- _Prompt_:
Transcribe nothing except the lines below that run from the one with "Anne Klein Women's" to the one with "Marker Milan fluoglass", ends included, and do not copy any picture.

- _Supplied information_:
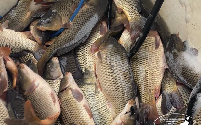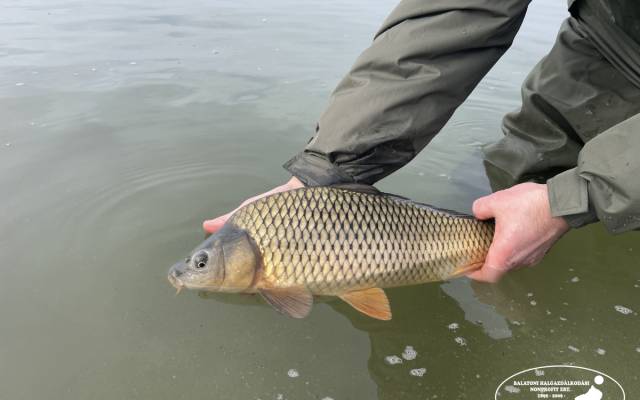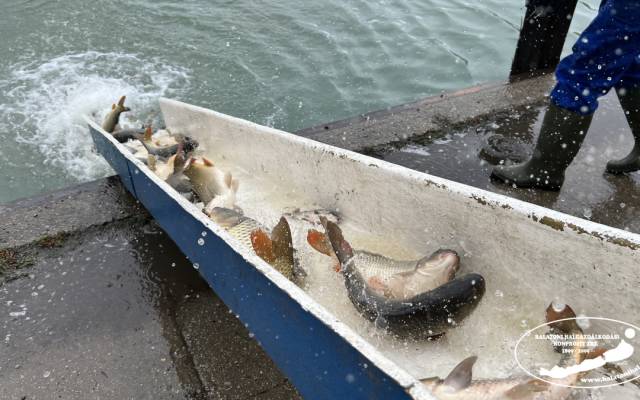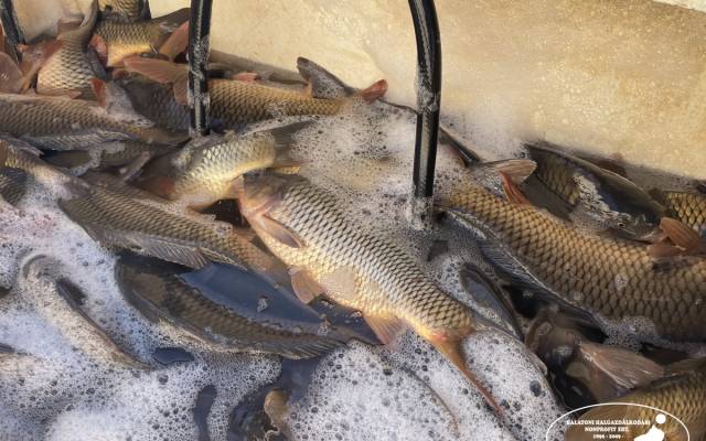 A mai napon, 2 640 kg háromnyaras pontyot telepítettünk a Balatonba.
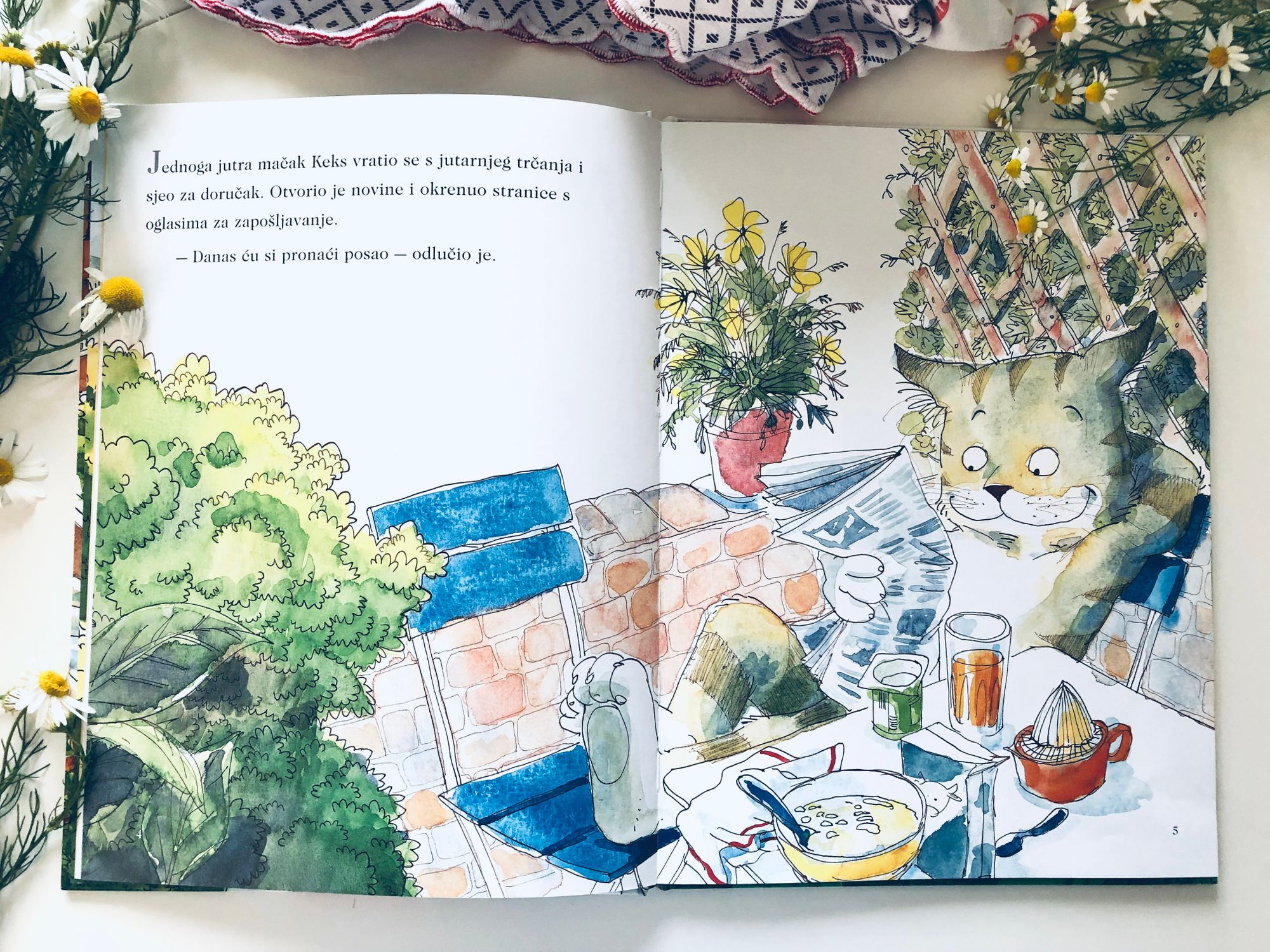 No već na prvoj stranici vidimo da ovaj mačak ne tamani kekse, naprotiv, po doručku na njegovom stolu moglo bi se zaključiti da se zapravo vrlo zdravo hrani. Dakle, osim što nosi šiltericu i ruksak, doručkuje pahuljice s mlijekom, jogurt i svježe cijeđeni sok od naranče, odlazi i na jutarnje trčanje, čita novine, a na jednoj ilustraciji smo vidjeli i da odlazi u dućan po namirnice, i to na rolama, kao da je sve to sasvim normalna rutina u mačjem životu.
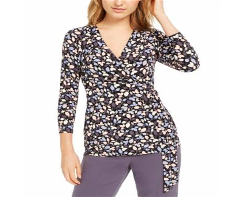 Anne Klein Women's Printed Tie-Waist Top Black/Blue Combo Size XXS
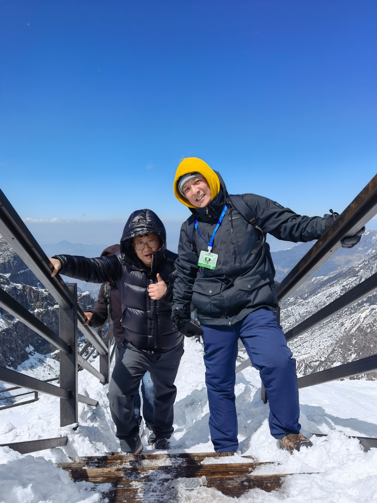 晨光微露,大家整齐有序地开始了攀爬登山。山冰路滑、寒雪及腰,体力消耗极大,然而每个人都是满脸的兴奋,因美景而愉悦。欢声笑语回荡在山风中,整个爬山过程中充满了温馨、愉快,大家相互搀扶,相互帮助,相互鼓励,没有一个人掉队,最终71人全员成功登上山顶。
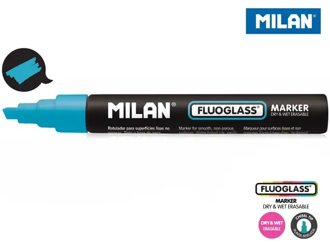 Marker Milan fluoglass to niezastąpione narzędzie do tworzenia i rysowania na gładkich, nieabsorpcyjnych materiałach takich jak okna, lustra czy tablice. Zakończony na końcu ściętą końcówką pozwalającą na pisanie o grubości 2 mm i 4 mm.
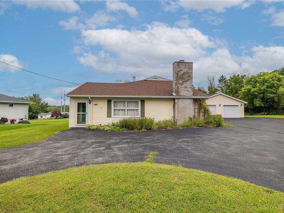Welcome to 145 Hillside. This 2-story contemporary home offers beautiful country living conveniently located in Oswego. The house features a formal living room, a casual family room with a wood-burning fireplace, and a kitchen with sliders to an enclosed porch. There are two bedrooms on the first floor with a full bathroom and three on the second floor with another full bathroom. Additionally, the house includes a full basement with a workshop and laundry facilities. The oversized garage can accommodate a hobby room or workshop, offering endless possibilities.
--
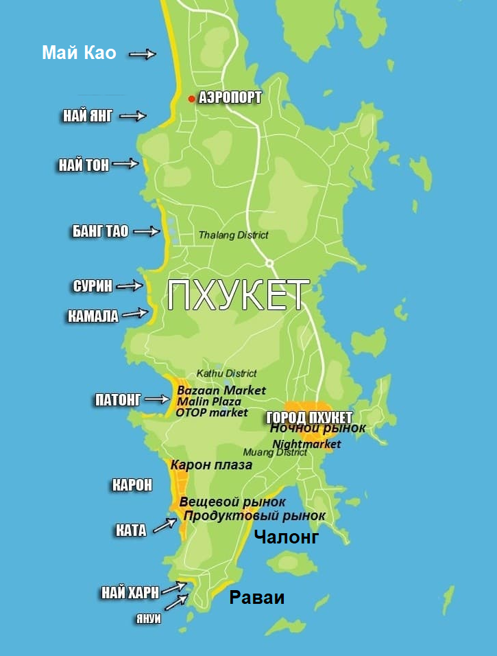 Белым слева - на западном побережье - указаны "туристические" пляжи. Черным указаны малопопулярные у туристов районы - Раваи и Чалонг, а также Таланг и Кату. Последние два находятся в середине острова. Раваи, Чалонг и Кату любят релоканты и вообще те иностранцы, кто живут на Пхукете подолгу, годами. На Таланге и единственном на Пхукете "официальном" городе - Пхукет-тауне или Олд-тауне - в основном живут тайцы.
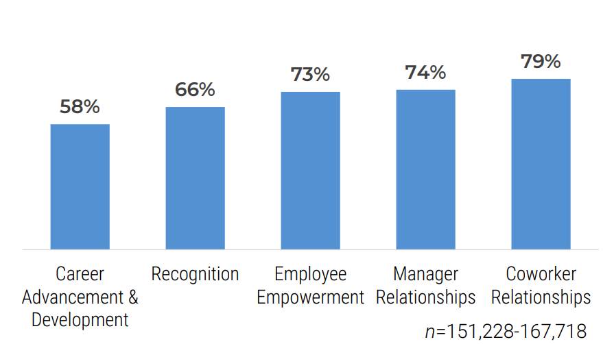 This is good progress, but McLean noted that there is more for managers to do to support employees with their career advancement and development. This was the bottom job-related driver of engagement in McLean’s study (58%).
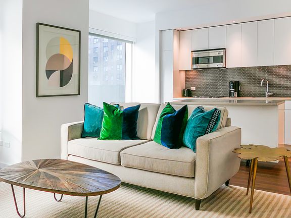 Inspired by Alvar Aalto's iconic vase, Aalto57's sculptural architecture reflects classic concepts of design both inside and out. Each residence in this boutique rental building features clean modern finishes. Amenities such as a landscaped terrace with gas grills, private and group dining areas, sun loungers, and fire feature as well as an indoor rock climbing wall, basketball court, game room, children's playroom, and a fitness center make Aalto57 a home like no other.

- _Answer box_:
 Anne Klein Women's Printed Tie-Waist Top Black/Blue Combo Size XXS
 晨光微露,大家整齐有序地开始了攀爬登山。山冰路滑、寒雪及腰,体力消耗极大,然而每个人都是满脸的兴奋,因美景而愉悦。欢声笑语回荡在山风中,整个爬山过程中充满了温馨、愉快,大家相互搀扶,相互帮助,相互鼓励,没有一个人掉队,最终71人全员成功登上山顶。
 Marker Milan fluoglass to niezastąpione narzędzie do tworzenia i rysowania na gładkich, nieabsorpcyjnych materiałach takich jak okna, lustra czy tablice. Zakończony na końcu ściętą końcówką pozwalającą na pisanie o grubości 2 mm i 4 mm.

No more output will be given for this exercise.